Surrey University Stag


Module code: PSY3095

Module Overview

This module explores a range of myths across the discipline of psychology with a focus on scientific evidence, methodological robustness, theoretical frameworks, and the interface between scientific research and their representation in the media.

This module also represents an opportunity for students to develop advanced critical thinking skills, and synthesise their study of psychology to date. In particular the module will explore areas of research relating to areas such learning styles, the impact of social media, environmental psychology, aging and loneliness,  sexuality and gender and left brain right brain differentiation.   Each lecture will address a specific area of research and encourage critical thinking in terms of methods, measurement, theory and the discipline of psychology.  It will also evaluate the ways in which research evidence is adopted by the media and lay literature in the context of strategies of persuasion. The module will also take a historical approach, considering the context in which the myth developed, and the status of the myth in light of contemporary research and approaches in psychology and will conclude with an analysis of the notion of scientific truth.

Module provider


Module Leader

OGDEN Jane (Psychology)

Number of Credits: 15

ECTS Credits: 7.5

Framework: FHEQ Level 6

JACs code: C800

Module cap (Maximum number of students): N/A

Overall student workload

Independent Learning Hours: 106

Seminar Hours: 22

Guided Learning: 11

Captured Content: 11

Module Availability

Semester 1

Prerequisites / Co-requisites

BSc Psychology Levels 4 and 5 or equivalent

Module content

Indicative key topics will include:

An overview to critical thinking and the role of persuasive strategies

Learning styles

Left brain / right brain

Sexuality and gender

Environmental psychology

the impact of social media

Aging and loneliness

Scientific truth

Assessment pattern

Assessment type Unit of assessment Weighting
Examination Online ONLINE 2 HOUR EXAM WITHIN A 4-HR WINDOW 100

Alternative Assessment

N/A Students must pass each unit of assessment to pass the module

Assessment Strategy

The summative assessment for this module consists of:

Seen examination (online within 4 hours, 100%)

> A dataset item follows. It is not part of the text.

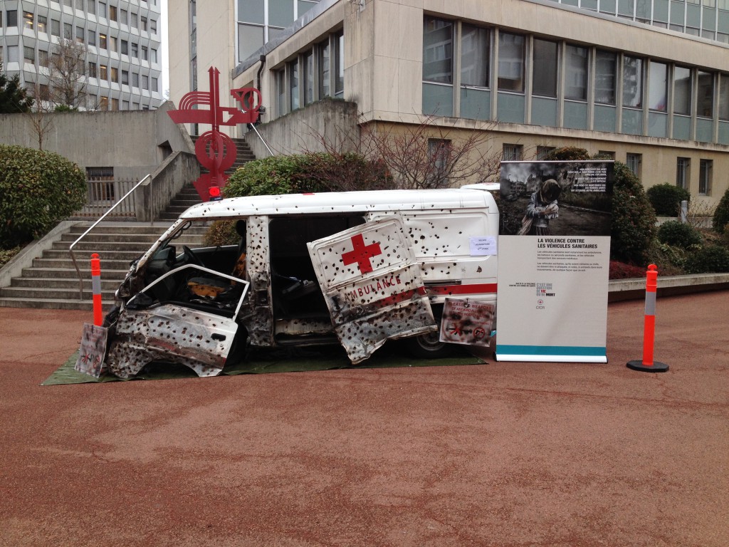 However, most international attention has been given to attacks against health workers, and against humanitarian aid work more broadly, in armed conflict and other setting of violence. Every four years the International Committee of the Red Cross, the National Red Cross and Red Crescent Societies and the International Federation of Red Cross and Red Crescent Societies and States Parties to the Geneva Conventions meet at the International Conference of the Red Cross and Red Crescent. In December 2015 at the 32nd International Conference, where the issue featured on the agenda, delegates shared some of their daily experiences. For example, a representative from Syria described how ambulance staff do not fasten their seatbelts when driving in conflict areas, so that they can evacuate the vehicle quickly – and drivers park so that passengers are able to escape and hide behind the vehicle for protection in case of an ambush.

The seen exam will involve answering 1 question to offer a critical analysis of one research paper and one associated media report using the critical tool kit.


Justification for assessment methods

Both assessments will address all learning outcomes.  

Module aims

  • Describe a number of areas of psychology across all domains that have been adopted by the lay literature as ‘truths'
  • Develop students' skills in advanced critical thinking
  • Critically evaluate the evidence for these areas with a focus on methods, measurement, theory and the disciplinary focus
  • Explore how each area is located within its historical context, and its status in the light of contemporary research
  • Explore how each area has been adopted by the lay literature with a focus on theories of persuasion.
  • Encourage students to adopt a holistic view of psychology as a scientific discipline

Learning outcomes

Attributes Developed
001 Evaluate research evidence with a focus on methods, measurement, theory and the disciplinary framework CPT
002 Understand and evaluate the historical and conceptual contexts in which psychological myths have developed KC
003 Understand the relationships between commonly held psychological myths and the subdisciplines of psychology in which they are situated K
004 Critically analyse the implications of commonly-held myths for key groups within society (e.g. school pupils, patients, consumers) CPT
005 Analyse the ways in which scientific research is translated into a literature accessible by the lay public CPT
006 Understand the use of methods of persuasion K
007 Critically evaluate the process of reporting research, and the importance of responsible reporting CPT
008 Understand the relationship between scientists, the media, and the general public K

Attributes Developed

C - Cognitive/analytical

K - Subject knowledge

T - Transferable skills

P - Professional/Practical skills

Methods of Teaching / Learning

The learning and teaching methods include:

11 x 2 hour lectures, 2 x 1 hour optional drop in sessions and 128 hours of independent study, which involve:

Week 1 -  Lecture setting the scene for the module with a general overview of critical thinking

Weeks 2-10  – lectures presenting information regarding a specific myth with time for small group tasks and class discussion

Weeks 3 and 4 – hour long optional drop in sessions to resolve queries on the coursework essay assessment.

Week 11 – A revision overview to consider key ideas, areas of critical thinking, skills and theories. 

Formative feedback will be given each week.

Dedicated SurreyLearn page including space to discuss readings and the week’s critical questions.

Indicated Lecture Hours (which may also include seminars, tutorials, workshops and other contact time) are approximate and may include in-class tests where one or more of these are an assessment on the module. In-class tests are scheduled/organised separately to taught content and will be published on to student personal timetables, where they apply to taken modules, as soon as they are finalised by central administration. This will usually be after the initial publication of the teaching timetable for the relevant semester.

Reading list
Upon accessing the reading list, please search for the module using the module code: PSY3095

Please note that the information detailed within this record is accurate at the time of publishing and may be subject to change. This record contains information for the most up to date version of the programme / module for the 2023/4 academic year.